Хотя… на самом деле так и есть. Смех, да и только.
Я пытаюсь сфокусировать взгляд на бутылке, почти уже пустой, торжественно салютую ею, будто говорю тост, и подношу к губам, чтобы выпить последний глоток… И вдруг меня начинает трясти, да так, что я чуть ее не роняю.
Нет, это не нервы, не подумайте. То есть не только нервы. Просто в трейлере холодно, я только сейчас понимаю, как холодно. Дубняк. Я едва чувствую свои пальцы. Вот зараза, наверное, кончился пропан. Мать говорила, что на этой неделе надо заказывать новый баллон. Черт! Мороз почти как на улице. Так и до смерти недолго замерзнуть. Представляете, они меня находят, а я твердый, как доска, и с заряженным ружьем в руке. И заголовки в газетах: «Школьник-дебил просрал самоубийство, замерзнув до смерти. Знавшие его не удивлены. Он всегда был неудачником, говорят одноклассники».
Надо срочно согреться, а то засну — и все, конец.
Оглядываю комнату в поисках одеяла или куртки и вдруг замечаю свитер.
Мать купила его неделю назад на базаре Армии Спасения. Всего за доллар семьдесят пять. В жизни не видывал такого страшного свитера. Как будто даже не вязаный, а вроде шкуры, которую содрали с какого-нибудь зверя. Он типа кофты — кардиган, кажется, это называется, — но без пуговиц. Наверное, чья-нибудь бабка связала, у которой болезнь Альцгеймера и застегнуть она все равно ничего не может. Рукава такие толстые на концах, с рубчатыми манжетами, чтобы казались свободными и в то же время держались. Свитер широкий, мешковатый, пух на нем дыбом стоит, как у кошки, которой в задницу сунули провод на миллион вольт. Но самое скверное в этом поганом, распоганейшем свитере — это его цвет.

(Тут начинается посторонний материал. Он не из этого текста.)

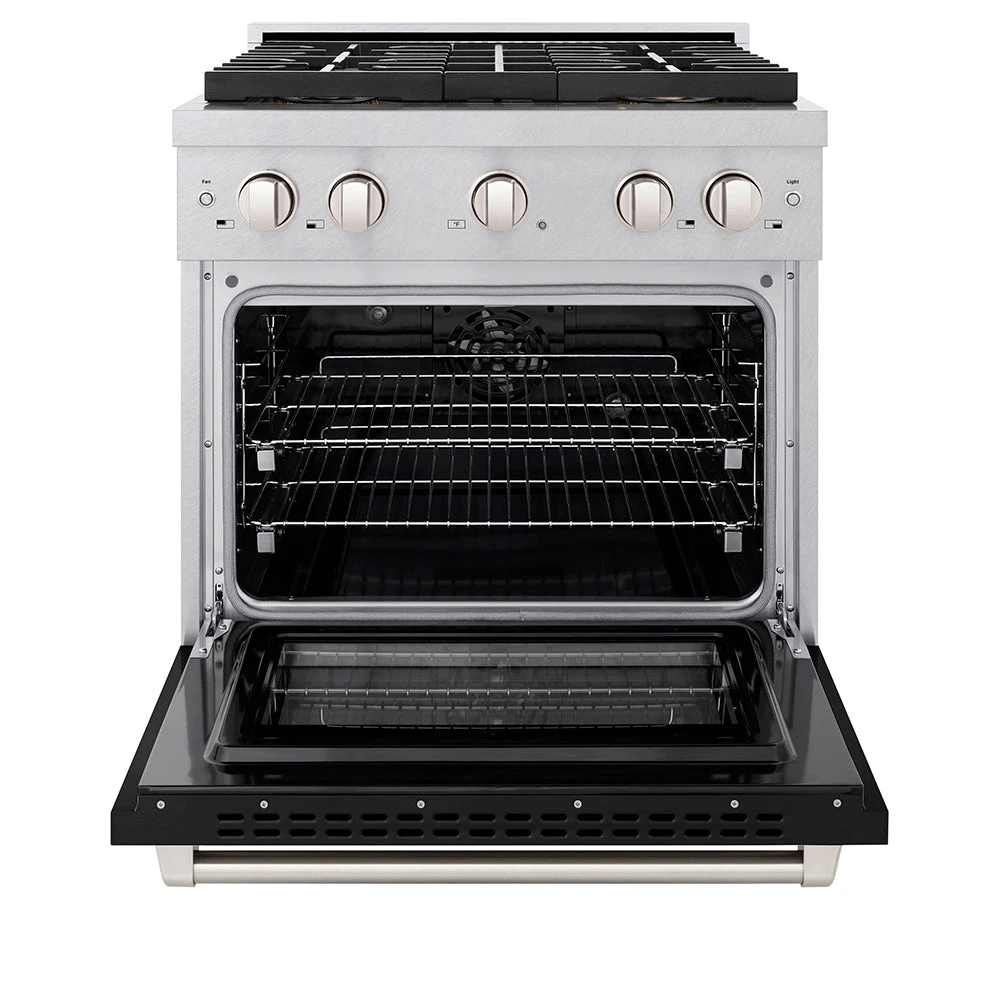 ZLINE 30 In. 4.2 Cu. Ft. Paramount Dual Fuel Range With 4 Burner DuoPro™ Cooktop And Electric Convection Oven In Satin Stainless Steel With Black Matte Door (PSDRS-BLM-30)(Zline 30 Paramount Dual Fuel Range Duopro Satin Stainless Steel Black Matte Psdrs Blm 30)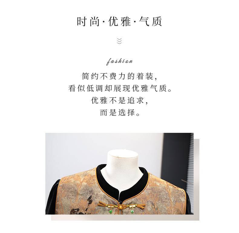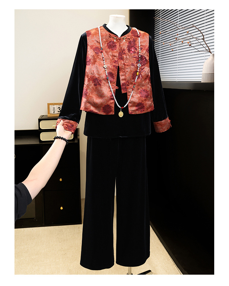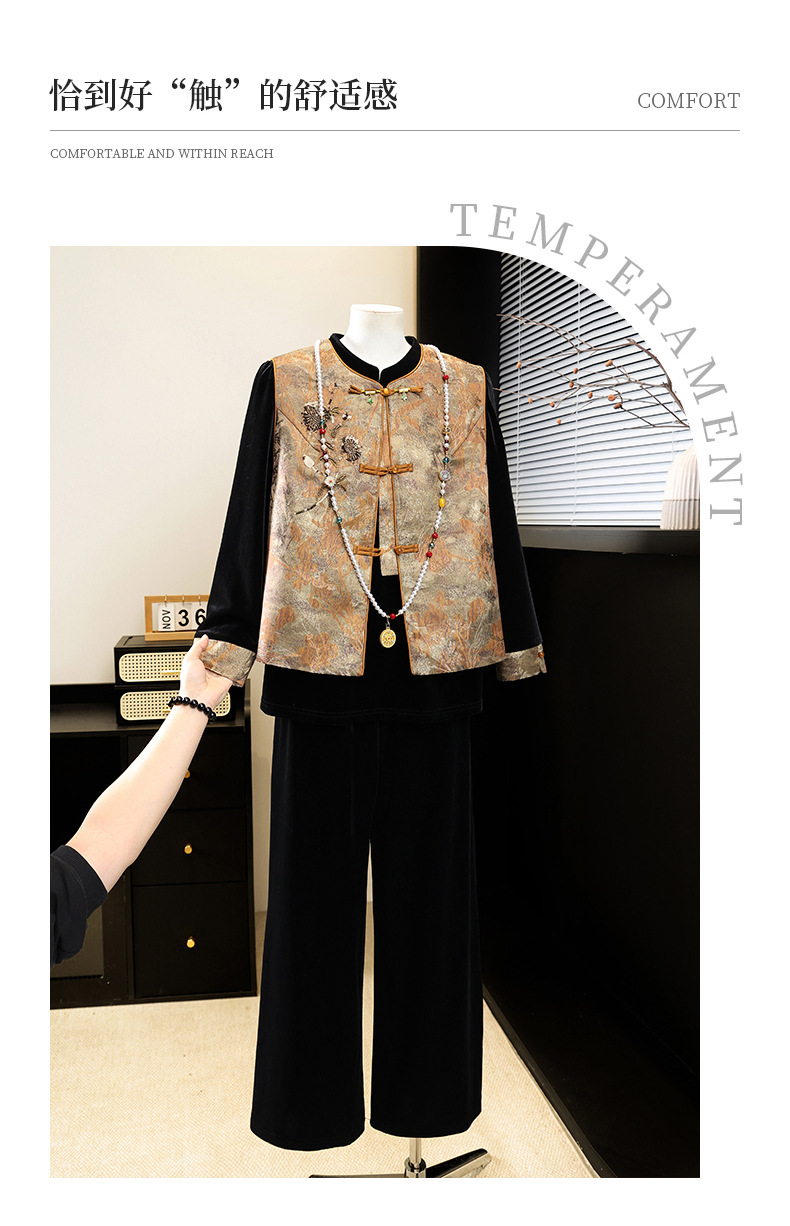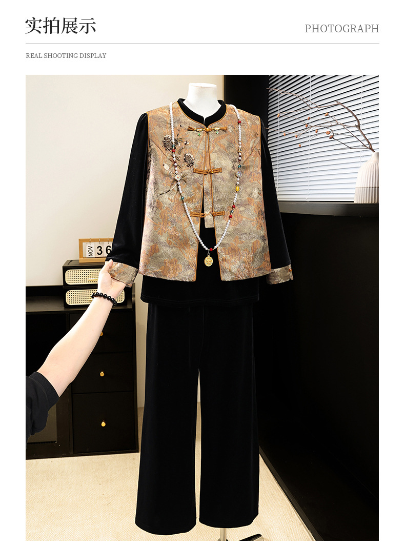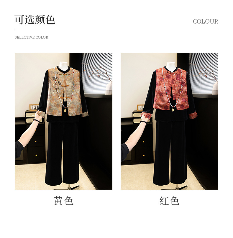 新中式国风妈妈春装金丝绒套装中老年人女春秋马甲外套高档三件套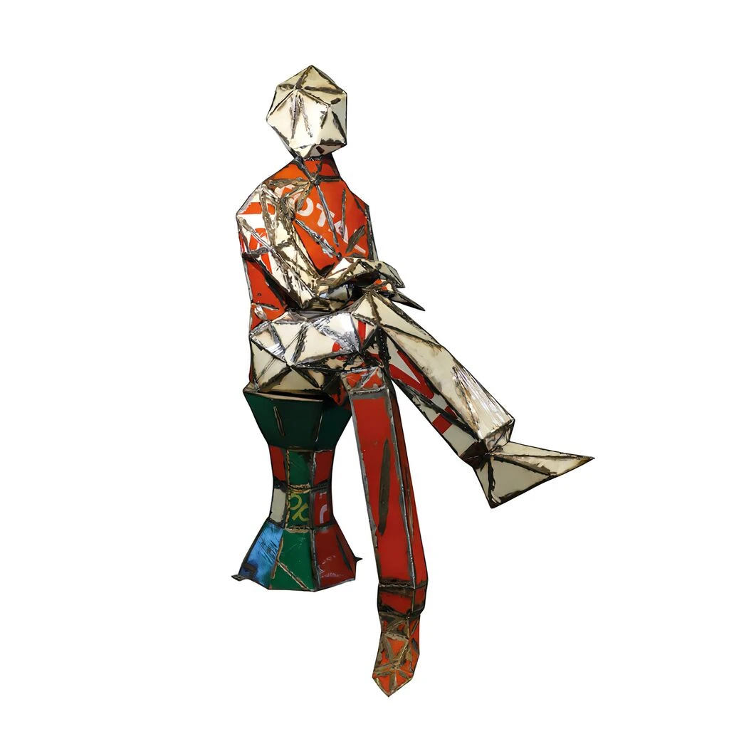 Upcycling Unikat Aus Ölfässern – Sitzende Männer Skulptur – Akoni

Что-то среднее между оливковым оттенка рвоты и дерьмово-бежевым. Больше всего похоже на гнилой банан. Слов нет, такая гадость.
Мать его притащила тогда, показывает: вот, мол, гляди. Я посмотрел, подумал и говорю: «Теперь тебе уж точно будут давать чаевые — подумают, что ты типа слабоумная». Ну, она разоралась, конечно, да и бросила его в меня. Я увернулся, и он повис на стуле, так и висит до сих пор, никто туда даже не смотрит, как будто его и нет…

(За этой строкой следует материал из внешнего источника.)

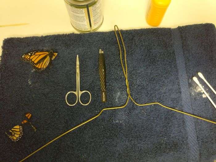 ▼她所使用的手術工具有:剪刀、毛巾、鉗子、鋼絲衣架、棉花棒、滑石粉、另一隻死掉的帝王蝶的翅膀。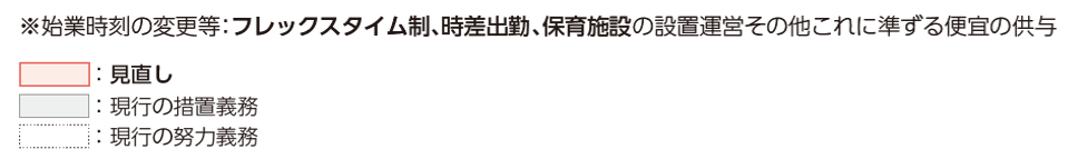 | 義務 | 事業主は3歳から小学校就学前の子を養育する労働者に対して、職場のニーズを把握した上で、次の5つの中から2つ以上の措置を選択して講じなければなりません。 |

Голова кружится, сил нет. Не дойду, пожалуй. Перегибаюсь через диван, тянусь изо всех сил… Что-то я совсем пьяный. Мне мерещится, будто свитер сам ползет ко мне, как живой. Вдруг — раз, и он уже у меня в руках!
Засовываю руку в рукав и внезапно останавливаюсь.
Выходит, меня в нем и найдут? Черт…
Однако трясет меня все сильнее, и я понимаю, что или этот свитер, или ничего, потому как искать что-то другое меня уже не хватит, а если не согреться, то все, конец. Вырублюсь, а когда проснусь, буду уже совсем трезвый и ничего не сделаю, и моя гнилая жизнь будет тянуться дальше и дальше, целую вечность, пока мне не стукнет тридцать и пора будет на пенсию.
Ну вот я и в свитере, снаружи видна только белая полоска футболки. И теплый же, зараза! Греет, будто на меня здоровый такой лохматый пес залез и обнял.
Все, теперь пора за дело!
Заглатываю остатки бренди, беру двустволку и поворачиваю к себе дулом. Держать так тяжело, вот-вот уроню, но я знаю, что осталось недолго. Придвигаю дуло ко рту…
Потом вдруг что-то напротив привлекает мое внимание, и я останавливаюсь.
Там у стены стоит прислоненное зеркало, высокое и без рамы. Мать в него смотрится, когда собирается на работу.
В зеркале — парень с длинными каштановыми волосами, разделенными посередине и заправленными за уши. Он в свитере, из-под которого видна футболка, и с чем-то вроде микрофона, направленным в лицо.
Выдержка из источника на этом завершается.